(Supplied material begins)
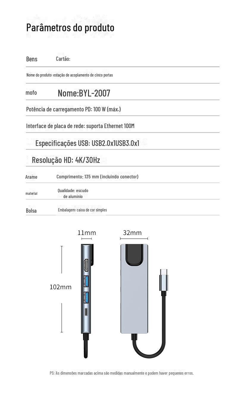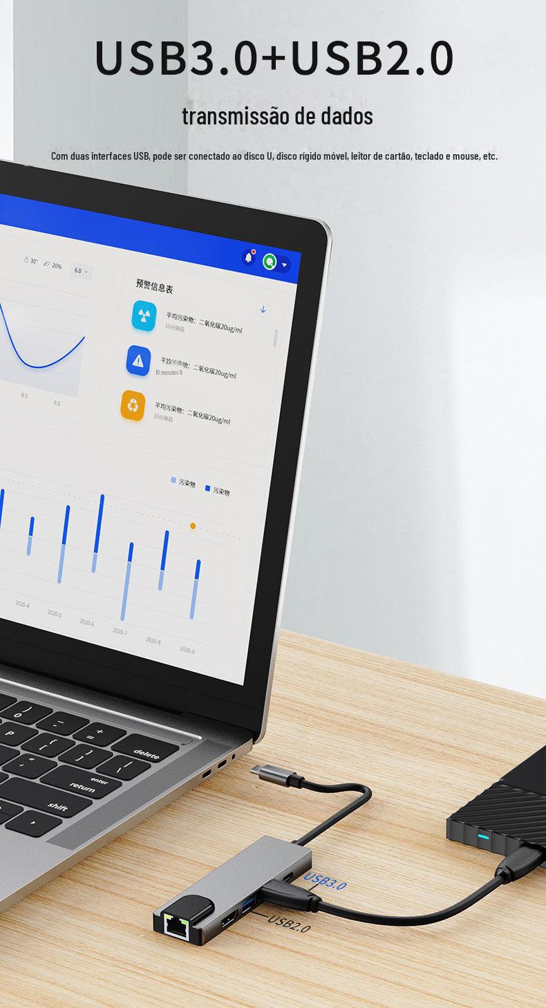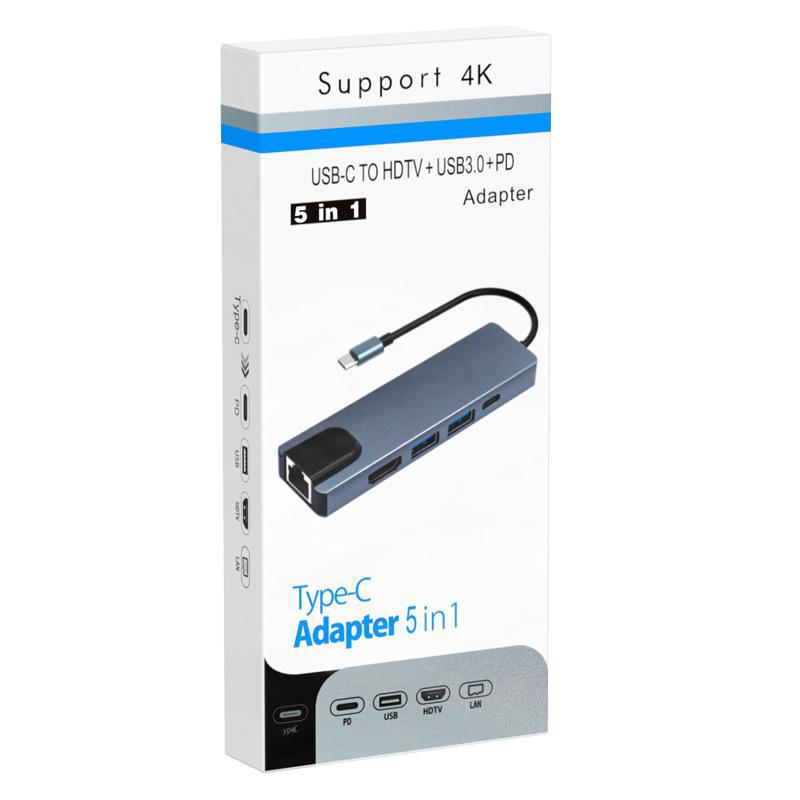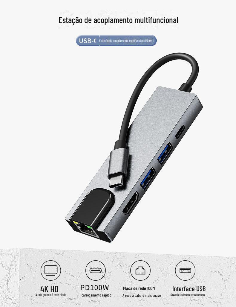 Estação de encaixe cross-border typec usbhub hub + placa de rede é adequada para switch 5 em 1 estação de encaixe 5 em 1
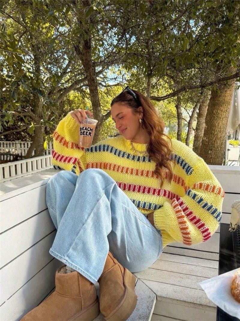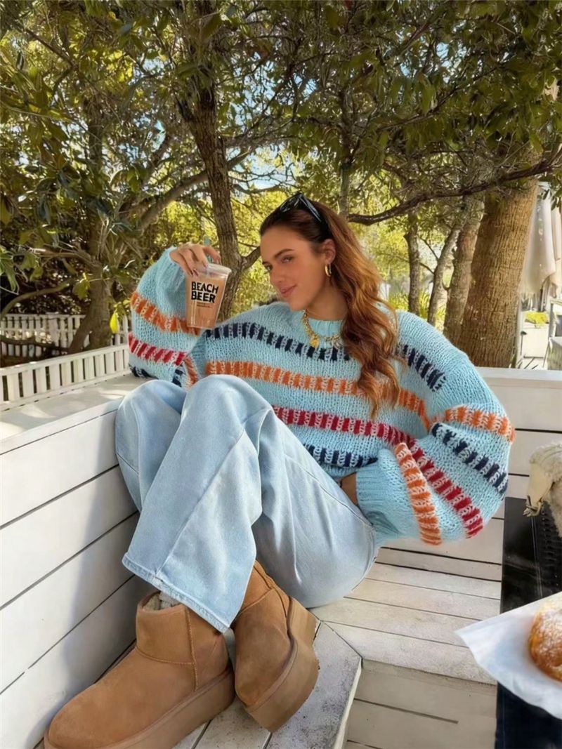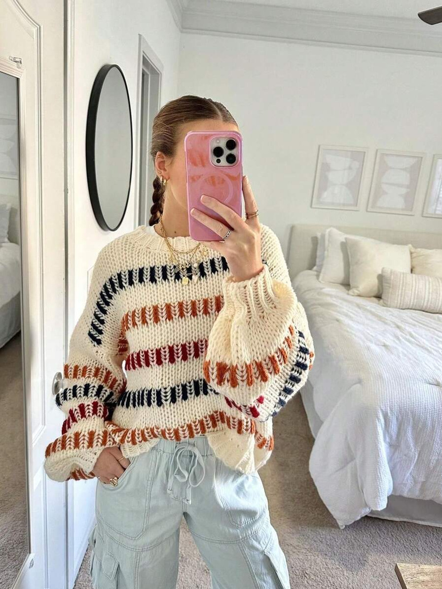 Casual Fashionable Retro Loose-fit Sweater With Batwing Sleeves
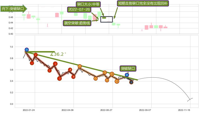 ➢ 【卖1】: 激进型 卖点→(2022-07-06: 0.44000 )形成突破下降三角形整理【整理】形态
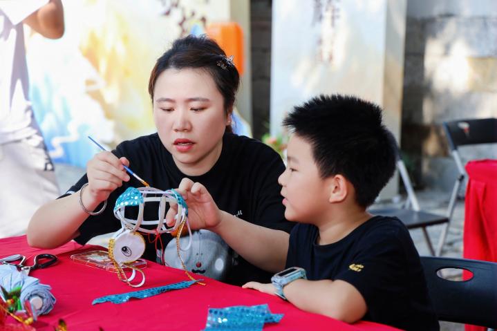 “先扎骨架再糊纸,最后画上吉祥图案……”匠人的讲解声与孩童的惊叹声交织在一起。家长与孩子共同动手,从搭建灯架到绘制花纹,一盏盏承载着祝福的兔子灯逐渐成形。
(Supplied material ends)
_What is expected:_ Apart from the pictures, the material above has to be repeated exactly.

_Exercise answer:_
 Estação de encaixe cross-border typec usbhub hub + placa de rede é adequada para switch 5 em 1 estação de encaixe 5 em 1
 Casual Fashionable Retro Loose-fit Sweater With Batwing Sleeves
 ➢ 【卖1】: 激进型 卖点→(2022-07-06: 0.44000 )形成突破下降三角形整理【整理】形态
 “先扎骨架再糊纸,最后画上吉祥图案……”匠人的讲解声与孩童的惊叹声交织在一起。家长与孩子共同动手,从搭建灯架到绘制花纹,一盏盏承载着祝福的兔子灯逐渐成形。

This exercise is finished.